Remove PHP Backdoor Trojan

TL;DR

A PHP backdoor is serious. This guide helps you find and remove it from your local machine to regain control and security.

1. Stop the Web Server Immediately

The first thing to do is prevent further damage. Stop Apache, Nginx, or whatever web server software you’re using. How you do this depends on your operating system:

• Windows: Open Services (search for ‘Services’ in the Start menu). Find your web server (e.g., Apache2.4) and right-click > Stop.
• Linux (systemd): Open a terminal and use sudo systemctl stop apache2 or sudo systemctl stop nginx (replace ‘apache2’/’nginx’ with your server name).

2. Back Up Your Website Files (Carefully!)

Before you start deleting anything, make a backup. Important: Don’t just copy the entire website folder. The backdoor will be copied too! Instead:

• Copy only configuration files (e.g., wp-config.php for WordPress, settings.php for Drupal).
• If you have a database, create a separate database backup using phpMyAdmin or your hosting control panel.

Store the backups on a different drive or computer – not on the infected machine.

3. Scan Your Files

You need to find the malicious code. Here are several methods:

a) Manual Inspection (Time-Consuming but Effective)

1. Look for recently modified files: Use your file manager or a command line tool to sort files by modification date. Focus on PHP files (.php, .inc, etc.).
2. Search for suspicious code: Open the most recently modified files in a text editor and look for:
   • Base64 encoded strings (often used to hide commands).
   • eval() function calls – these are very common in backdoors.
   • Unusual or unexpected functions like system(), exec(), shell_exec(), passthru().
   • Code that attempts to connect to external websites (the attacker’s server).

   b) Using a Scanner

   Several tools can help automate the process:

   • rkhunter (Linux): Install with sudo apt install rkhunter and run sudo rkhunter --checkall.
   • ClamAV (Cross-Platform): Install and scan your website directory.
   • Online scanners: Websites like VirusTotal can scan individual files or small archives, but be cautious about uploading sensitive data.
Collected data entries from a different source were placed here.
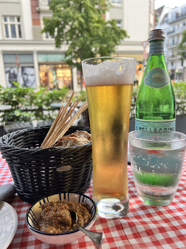Read moreIm Stadtteil Winterhude befindet sich dieses Restaurant, wo man bei warmen schönem Wetter draußen an kleinen Tischen mit rotweißen Tischdecken sitzen kann.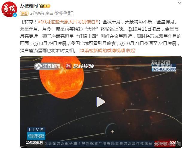 金秋十月,天象精彩不断,金星伴月、双星伴月、月食、流星雨等精彩“大片”将轮番上映。①10月11日凌晨,金星与月亮更近,狮子座最亮恒星“轩辕十四”刚好在金星附近,届时将形成双星伴月的画面;②10月29日凌晨,我国全境可看到月偏食;③10月21日夜间至22日凌晨,猎户座流星雨也将准时亮相。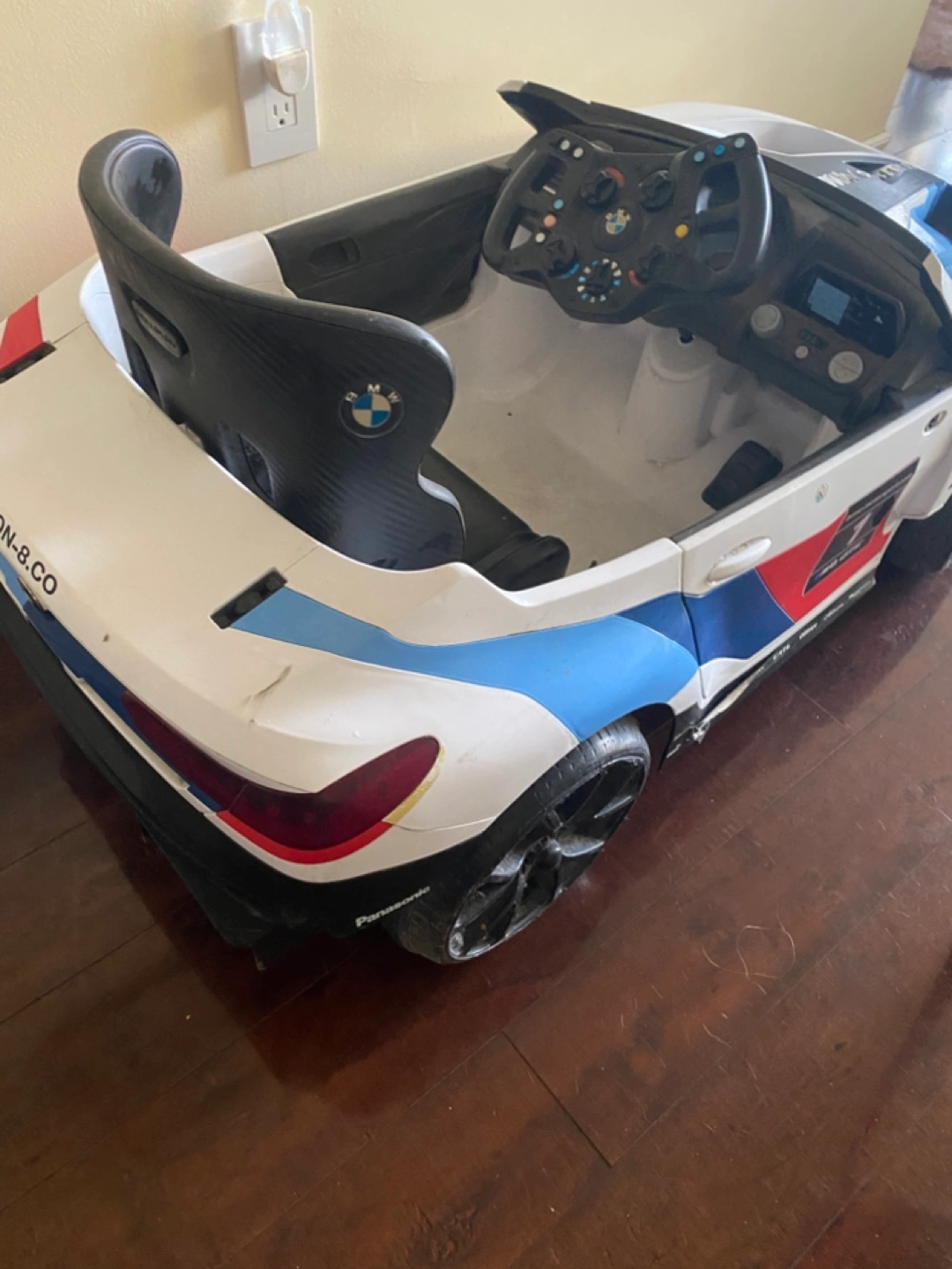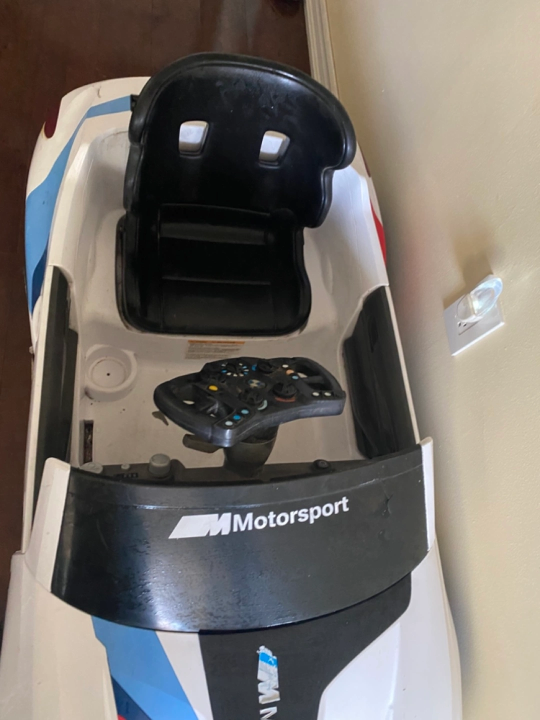 Selling a BMW Motorsport ride-on car for kids! It's in good condition and ready for a new little driver. Features the classic BMW Motorsport design.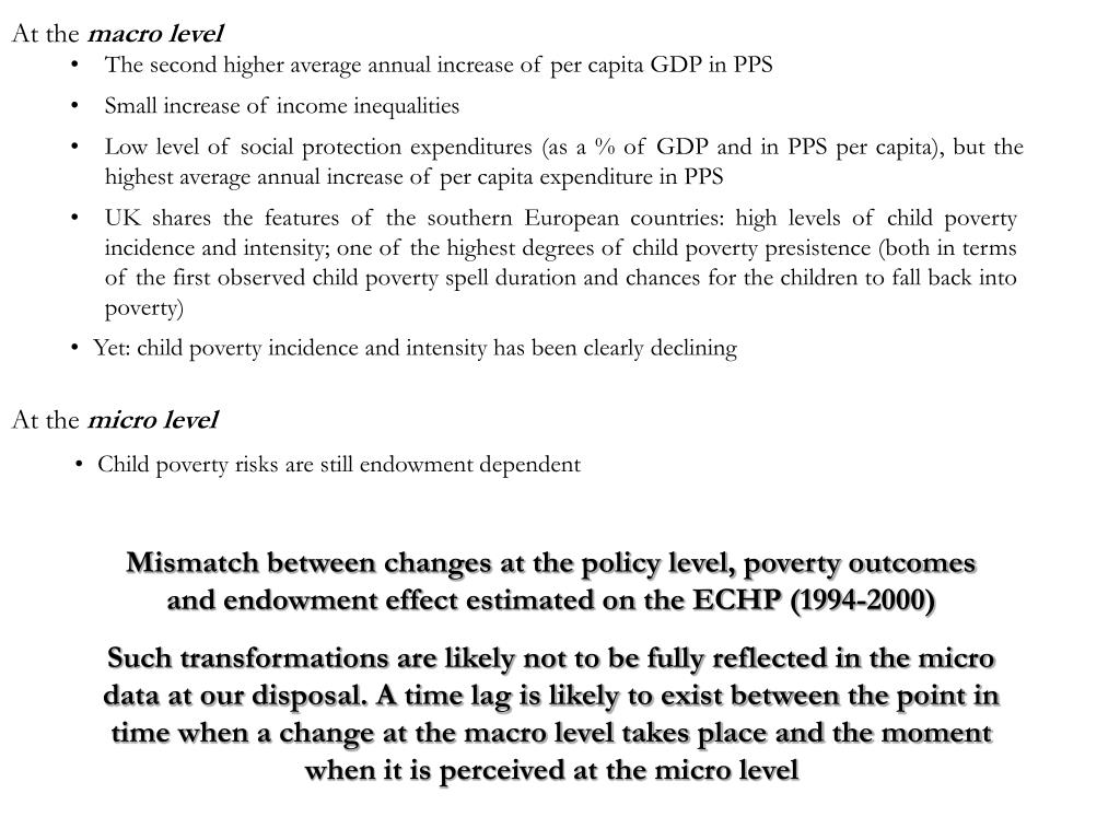 At the macro level • The second higher average annual increase of per capita GDP in PPS • Small increase of income inequalities • Low level of social protection expenditures (as a % of GDP and in PPS per capita), but the highest average annual increase of per capita expenditure in PPS • UK shares the features of the southern European countries: high levels of child poverty incidence and intensity; one of the highest degrees of child poverty presistence (both in terms of the first observed child poverty spell duration and chances for the children to fall back into poverty) • Yet: child poverty incidence and intensity has been clearly declining At the micro level • Child poverty risks are still endowment dependent Mismatch between changes at the policy level, poverty outcomes and endowment effect estimated on the ECHP (1994-2000) Such transformations are likely not to be fully reflected in the micro data at our disposal. A time lag is likely to exist between the point in time when a change at the macro level takes place and the moment when it is perceived at the micro level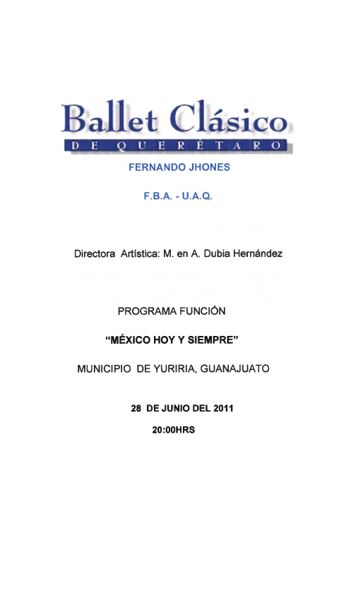 Ballet Clásico de Querétaro Fernando Jhones, “Programa Función México hoy y siempre, Yuriria, Guanajuato,” ReDCA-Ballet, consulta 9 de marzo de 2026, http://redca.uaq.mx/ballet/items/show/590.
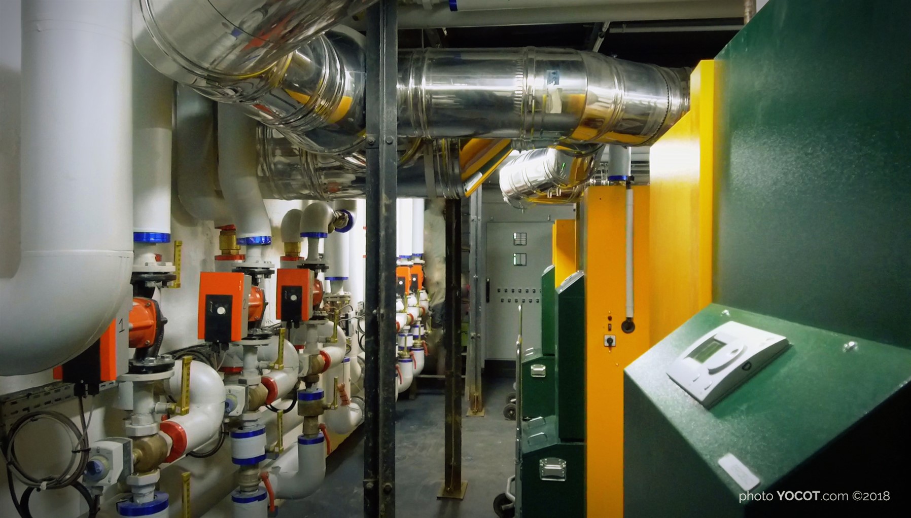 Celle-ci a la particularité d’être indépendante du réseau de chauffage urbain principal. A la place de son ancienne chaufferie au fioul, une chaufferie biomasse comportant 6 chaudières a été installée.

   Example rkhunter output snippet:

   Found file /var/www/html/wp-content/plugins/some-plugin/malicious_file.php - possible backdoor!

   4. Remove the Backdoor

   Once you’ve identified the malicious files:

   1. Delete them: The safest option is to delete the infected files completely.
   2. If deletion isn’t possible (rare): Carefully edit the file and remove only the malicious code. This requires advanced knowledge and carries a risk of leaving remnants behind. Do not attempt this unless you are confident in your abilities.

   5. Check Your Database

   Backdoors can sometimes inject malicious code into your database.

   • Inspect tables: Use phpMyAdmin or a similar tool to examine the contents of your database tables, especially those related to posts, pages, and options.
   • Look for unusual entries: Search for suspicious scripts or encoded data within table fields.
   • Restore from backup (if clean): If you have a clean database backup created before the infection, restore it.

   6. Update Everything

   Outdated software is a major security risk.

   • Update your CMS: WordPress, Drupal, Joomla, etc., to the latest version.
   • Update plugins and themes: Remove any unused or outdated plugins/themes.
   • Update PHP: Use the latest stable version of PHP.
   • Update your operating system: Install all available security patches.

   7. Change Passwords

   The attacker may have stolen your passwords.

   • Change passwords for:
   • Your web server control panel.
   • Your database user accounts.
   • Your CMS administrator account.
   • Any FTP or SSH accounts.

   8. Rebuild .htaccess (Apache)

   Backdoors can modify your .htaccess file to redirect traffic or hide their presence.

   # Restore from a backup if you have one. Otherwise, create a new default .htaccess file for your CMS.

   9. Monitor Your Website

   Keep an eye on your website for any signs of reinfection or unusual activity.

   • Check server logs: Regularly review your web server access and error logs.
   • Use a security plugin: WordPress plugins like Wordfence or Sucuri Security can provide ongoing protection.